Zintle Mali

Personal information
- Full name: Zintle Nomtha Mali
- Born: 21 January 1994 (age 32) Alice, Eastern Cape, South Africa
- Batting: Right-handed
- Bowling: Right-arm medium
- Role: bowler

International information
- National side: South Africa (2018–2019);
- ODI debut (cap 81): 9 May 2018 v Bangladesh
- Last ODI: 11 February 2019 v Sri Lanka
- T20I debut (cap 48): 20 May 2018 v Bangladesh
- Last T20I: 18 November 2018 v Bangladesh

Domestic team information
- 2012/13–2020/21: Border
- 2021/22–2022/23: North West
- 2023/24–present: KwaZulu-Natal Coastal

Career statistics
| Competition | WODI | WT20I |
| Matches | 7 | 9 |
| Runs scored | 3 | 2 |
| Batting average | 3.00 | – |
| 100s/50s | 0/0 | 0/0 |
| Top score | 2 | 2* |
| Balls bowled | 132 | 153 |
| Wickets | 4 | 6 |
| Bowling average | 20.25 | 35.00 |
| 5 wickets in innings | 0 | 0 |
| 10 wickets in match | 0 | 0 |
| Best bowling | 2/11 | 2/24 |
| Catches/stumpings | 1/– | 1/– |
- Source: Cricinfo, 16 February 2019

= Zintle Mali =

South African cricketer

Zintle Nomtha Mali (born 21 January 1994) is a South African cricketer. In April 2018, she was named in the South Africa Women's squad for their series against Bangladesh Women. She made her Women's One Day International cricket (WODI) debut for South Africa against Bangladesh Women on 9 May 2018. She made her WT20I debut for South Africa against Bangladesh Women on 20 May 2018.

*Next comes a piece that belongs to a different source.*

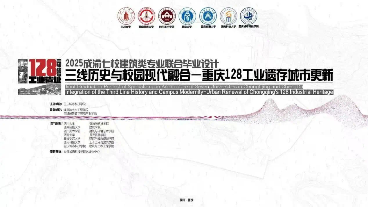 本次联合毕业设计由重庆城市科技学院主办,重庆城市科技学院、四川美术学院、四川大学、西南民族大学、西南大学、重庆交通大学、西南科技大学七所高校及相关企业参与其中,共同研究工业遗存保护与现代校园功能创新的议题。

In October 2018, she was named in South Africa's squad for the 2018 ICC Women's World Twenty20 tournament in the West Indies. In February 2019, Cricket South Africa named her as one of the players in the Powerade Women's National Academy intake for 2019. In September 2019, she was named in the M van der Merwe XI squad for the inaugural edition of the Women's T20 Super League in South Africa. On 23 July 2020, Mali was named in South Africa's 24-woman squad to begin training in Pretoria, ahead of their tour to England.